Phil McHugh, CSOM ’20
Domestic violence and the law, Queens District Attorney Office
In the Domestic Violence Bureau at the Queens District Attorney’s Office in New York, I was able to work alongside an Assistant District Attorney and learned the ins and outs of the courthouse. The position came with a steep learning curve as I was taught how to initiate first contact with victims, meet with the police officers who responded to the scene, and later interview the victims themselves. After completing the file and discussing the case with my supervisor, I was then able to stand in the well of the courtroom and watch the outcome of the case unfold. We also worked closely with the non-profit Safe Horizons to ensure that the victims were able to obtain counseling and services outside of the legal assistance that we provided. Many victims I worked with had extremely inspiring stories that have shaped how I see and interact with the world. They came from a diverse range of backgrounds and spoke a variety of languages. Having the opportunity to follow these cases through the course of these victim’s lives allowed me the experience of seeing the vast number of ways that a single law can be applied.
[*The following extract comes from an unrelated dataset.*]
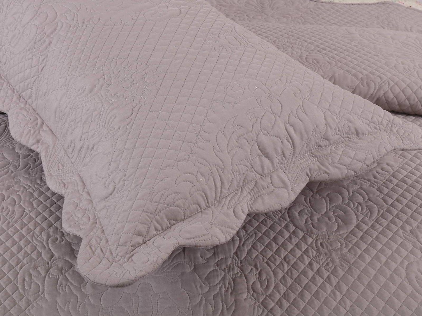 В комплект входят покрывало и одна либо две наволочки (50х70 см) из аналогичного материала в зависимости от размера. Каждый набор заботливо упакован в фирменную подарочную сумку.Покрывало с рельефной стежкой.

The Domestic Violence Bureau in Queens continues to prosecute a defendant even if the victim decides that he or she would like to drop the charges; while this led to very difficult conversations, it also led to a much deeper understanding of the law. The Bureau has tailored parts of the legal process to reflect this mission, and the work done in this office is not only retroactive, but preventative as well. Their influence stretches back to before they even see the file, as they have instructed the responding police officers to record certain signs on the scene that may be forgotten with time but may be detrimental later in the case. Being able to see the legal process through this lens and how it is possible to work through division barriers has led me to see the law in a multidimensional sense, and to understand that it is so much more than what happens in the courtroom.